"When I came to the log there I stopped, but
Bonaparte, lawless old chap, kept on. I paid no attention to him,
for I was thinking of--of something else. He had raced around in the
forbidden underbrush for some time before I heard the report of a gun
near at hand. The dog actually screamed like a human being. I saw him
leap up from the ground and then roll over. Of course, I--well, I
trespassed. Without thinking of my own safety I flew to where the dog
was lying. He looked up into my face and whined just as he died. I
don't remember how I got off the horse. The next I knew I was rushing
blindly into the brush toward a place where I saw smoke, cursing like
a fiend. Then came the second shot and the stinging in my arm. It
brought me to my senses. I stopped and a moment later I saw a man
running down along the bank of the stream. I--oh, well, there isn't
any more to tell.
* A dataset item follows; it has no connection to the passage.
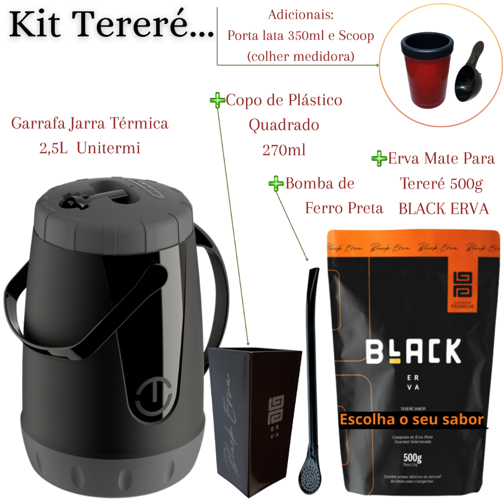 LEIA COM ATENÇÃO A DESCRIÇÃO Itens inclusos: 1 x Garrafa Térmica 2.5 Litros – Modelo Pávia Unitermi 1 x Pacote com 500g de Black Erva Mate Tereré escolha o sabor 1 x Copo quadrado Acrílico Preto de 270ml - Marca Black 1 x Bomba Clássica de ferro Preta Pintura Epóxi 1 x Porta Lata 350ML Cor Sortida + Scoop (Colher medidora) Erva Mate Black Erva Disponível em 13 sabores: Burrito Cereja Ice Double Black Energético Hortelã Ice Menta Black Menta e Boldo Menta e Limão Pura Folha Lemon Blend Menta Paraguaia Limão Caipira Abacaxi Hortelã e Gengibre Kit lindo e super MODERNO, você vai apreciar o seu mate com muito mais estilo, pois a Black Erva é o novo conceito para Tereré no Brasil, com produtos de alta QUALIDADE. Produto com acabamento IMPECÁVEL, super RESISTENTE e com alta DURABILIDADE. Não perca tempo e garanta já o seu Kit diferenciado!!!! Especificações: A Garrafa Térmica Jarra Pavia conta com um sistema de alça dupla, garantindo maior facilidade no transporte. Aliado ao tradicional bico dosador, melhorando ainda mais a forma em servir bebidas. ANTES DE QUALQUER COISA FAÇA A VERIFICAÇÃO DA GARRAFA SOMENTE COM ÁGUA. Composição: - Polipropileno com isolamento térmico em Poliuretano Capacidade: - 2,5 Litros Medidas: - Externas: 16,7 cm diâmetro x 26,2 cm altura - Internas: 12,5 cm diâmetro x 23 cm altura Copo: Material: Acrílico Capacidade: 270ml Altura: 12cm Diâmetro da boca: 5,5cm Bomba: Material – Ferro Pintura Epóxi Preta É de fácil utilização e limpeza, não acumula cheiro ou resíduos; Medidas: 19 x 2 cm. Modelo Kit Completo Tereré Black Erva Mate 500g Garrafa Térmica 2,5L Unitermi Copo Cuia Quadrado Acrílico Preto Bomba de Ferro Preta Porta Lata Cor Sortida e Scoop (Collher medidora)

I don't know who fired the shots. I couldn't see his
face."
"It was Tompkins," she cried. "I know it was. He had his orders--" but
she checked herself in confusion.
"His orders? Do you mean to say--Miss Drake, did your brother instruct
him to kill me?" She quailed beneath his look.
"--I can't say anything more about it, Mr. Shaw," she murmured, so
piteously that he was touched. For a seemingly interminable length of
time his hard eyes looked into hers and then they softened.
"I understand," he said simply. "You cannot talk about it. I'll not
ask any questions."
"My brother is weak in her hands," she managed to say in extenuation.